**Data for processing**

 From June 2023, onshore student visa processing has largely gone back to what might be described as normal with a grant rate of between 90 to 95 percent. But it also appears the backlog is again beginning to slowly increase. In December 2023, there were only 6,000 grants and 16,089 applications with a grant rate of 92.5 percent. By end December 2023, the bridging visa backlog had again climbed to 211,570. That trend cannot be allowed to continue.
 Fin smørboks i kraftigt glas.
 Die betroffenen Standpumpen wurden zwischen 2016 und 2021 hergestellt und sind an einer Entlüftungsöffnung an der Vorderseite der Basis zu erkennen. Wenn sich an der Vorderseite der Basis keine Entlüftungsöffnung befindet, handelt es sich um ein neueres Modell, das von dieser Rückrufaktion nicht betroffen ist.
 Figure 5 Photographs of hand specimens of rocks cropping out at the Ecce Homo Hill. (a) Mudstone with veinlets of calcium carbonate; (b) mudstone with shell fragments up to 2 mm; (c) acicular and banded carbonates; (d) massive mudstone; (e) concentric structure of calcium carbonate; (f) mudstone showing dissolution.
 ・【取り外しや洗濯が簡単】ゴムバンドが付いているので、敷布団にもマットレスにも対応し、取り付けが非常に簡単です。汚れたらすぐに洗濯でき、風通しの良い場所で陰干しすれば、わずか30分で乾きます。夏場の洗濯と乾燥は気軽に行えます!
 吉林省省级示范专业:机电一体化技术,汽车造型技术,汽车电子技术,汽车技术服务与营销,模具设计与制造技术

==

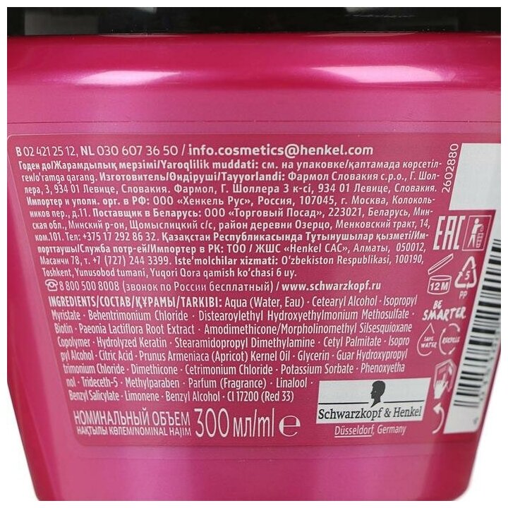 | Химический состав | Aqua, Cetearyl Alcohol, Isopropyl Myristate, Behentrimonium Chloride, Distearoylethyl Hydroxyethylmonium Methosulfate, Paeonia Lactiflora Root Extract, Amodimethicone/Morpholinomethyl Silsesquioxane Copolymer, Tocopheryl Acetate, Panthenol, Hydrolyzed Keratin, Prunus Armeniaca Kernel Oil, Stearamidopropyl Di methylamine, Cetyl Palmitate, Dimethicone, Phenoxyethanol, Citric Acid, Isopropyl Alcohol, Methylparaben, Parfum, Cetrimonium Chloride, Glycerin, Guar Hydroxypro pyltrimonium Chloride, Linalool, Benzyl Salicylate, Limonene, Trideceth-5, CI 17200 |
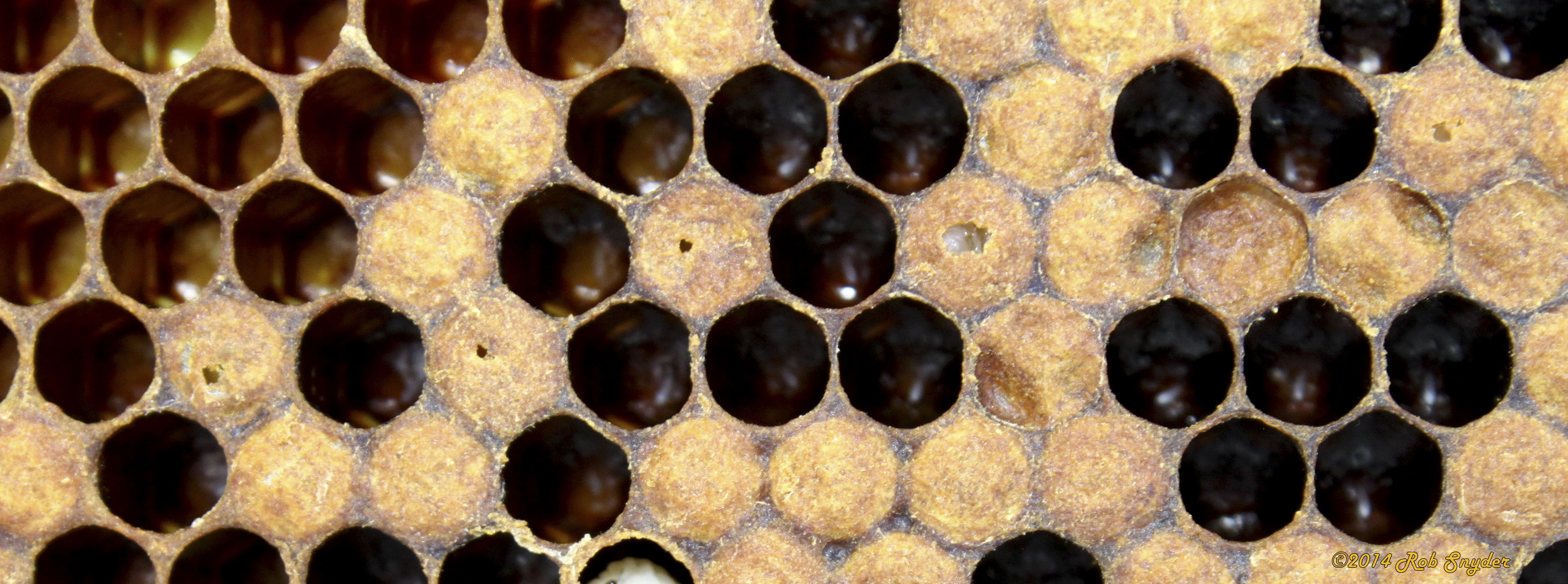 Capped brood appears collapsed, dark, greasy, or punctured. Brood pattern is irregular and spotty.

...

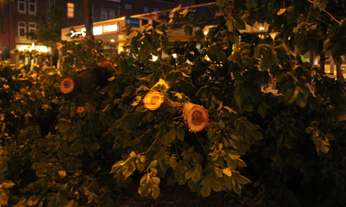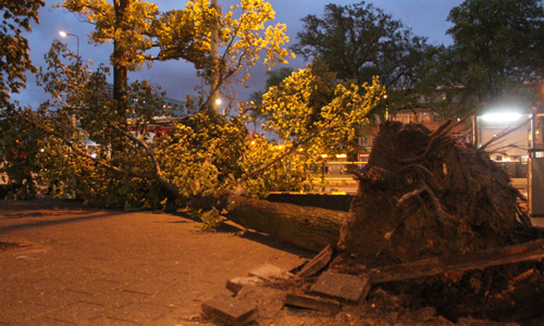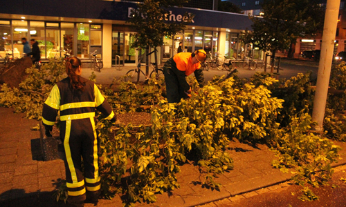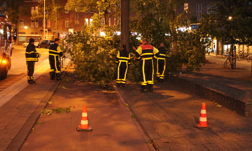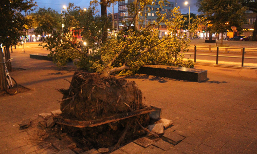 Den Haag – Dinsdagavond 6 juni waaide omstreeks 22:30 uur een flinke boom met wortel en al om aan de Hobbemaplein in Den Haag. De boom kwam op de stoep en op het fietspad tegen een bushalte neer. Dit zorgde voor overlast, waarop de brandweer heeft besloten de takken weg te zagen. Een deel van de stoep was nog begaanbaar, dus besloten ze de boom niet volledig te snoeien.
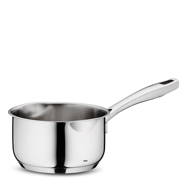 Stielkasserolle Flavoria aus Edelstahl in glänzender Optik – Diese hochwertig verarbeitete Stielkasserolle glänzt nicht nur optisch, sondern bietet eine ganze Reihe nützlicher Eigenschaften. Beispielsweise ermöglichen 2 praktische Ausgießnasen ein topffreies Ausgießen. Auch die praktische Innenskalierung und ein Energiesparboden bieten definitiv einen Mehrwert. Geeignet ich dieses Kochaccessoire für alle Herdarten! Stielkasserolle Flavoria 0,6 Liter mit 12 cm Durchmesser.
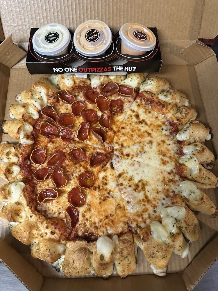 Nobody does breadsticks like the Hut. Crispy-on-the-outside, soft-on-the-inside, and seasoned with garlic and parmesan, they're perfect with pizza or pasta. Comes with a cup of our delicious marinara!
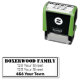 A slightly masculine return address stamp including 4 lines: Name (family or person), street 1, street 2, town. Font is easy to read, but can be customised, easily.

**Assignment**
Return, with no change at all, every line in the entries above from the line containing "From June 2023, onshore" through the line containing "吉林省省级示范专业:机电一体".

**Answer section**
 From June 2023, onshore student visa processing has largely gone back to what might be described as normal with a grant rate of between 90 to 95 percent. But it also appears the backlog is again beginning to slowly increase. In December 2023, there were only 6,000 grants and 16,089 applications with a grant rate of 92.5 percent. By end December 2023, the bridging visa backlog had again climbed to 211,570. That trend cannot be allowed to continue.
 Fin smørboks i kraftigt glas.
 Die betroffenen Standpumpen wurden zwischen 2016 und 2021 hergestellt und sind an einer Entlüftungsöffnung an der Vorderseite der Basis zu erkennen. Wenn sich an der Vorderseite der Basis keine Entlüftungsöffnung befindet, handelt es sich um ein neueres Modell, das von dieser Rückrufaktion nicht betroffen ist.
 Figure 5 Photographs of hand specimens of rocks cropping out at the Ecce Homo Hill. (a) Mudstone with veinlets of calcium carbonate; (b) mudstone with shell fragments up to 2 mm; (c) acicular and banded carbonates; (d) massive mudstone; (e) concentric structure of calcium carbonate; (f) mudstone showing dissolution.
 ・【取り外しや洗濯が簡単】ゴムバンドが付いているので、敷布団にもマットレスにも対応し、取り付けが非常に簡単です。汚れたらすぐに洗濯でき、風通しの良い場所で陰干しすれば、わずか30分で乾きます。夏場の洗濯と乾燥は気軽に行えます!
 吉林省省级示范专业:机电一体化技术,汽车造型技术,汽车电子技术,汽车技术服务与营销,模具设计与制造技术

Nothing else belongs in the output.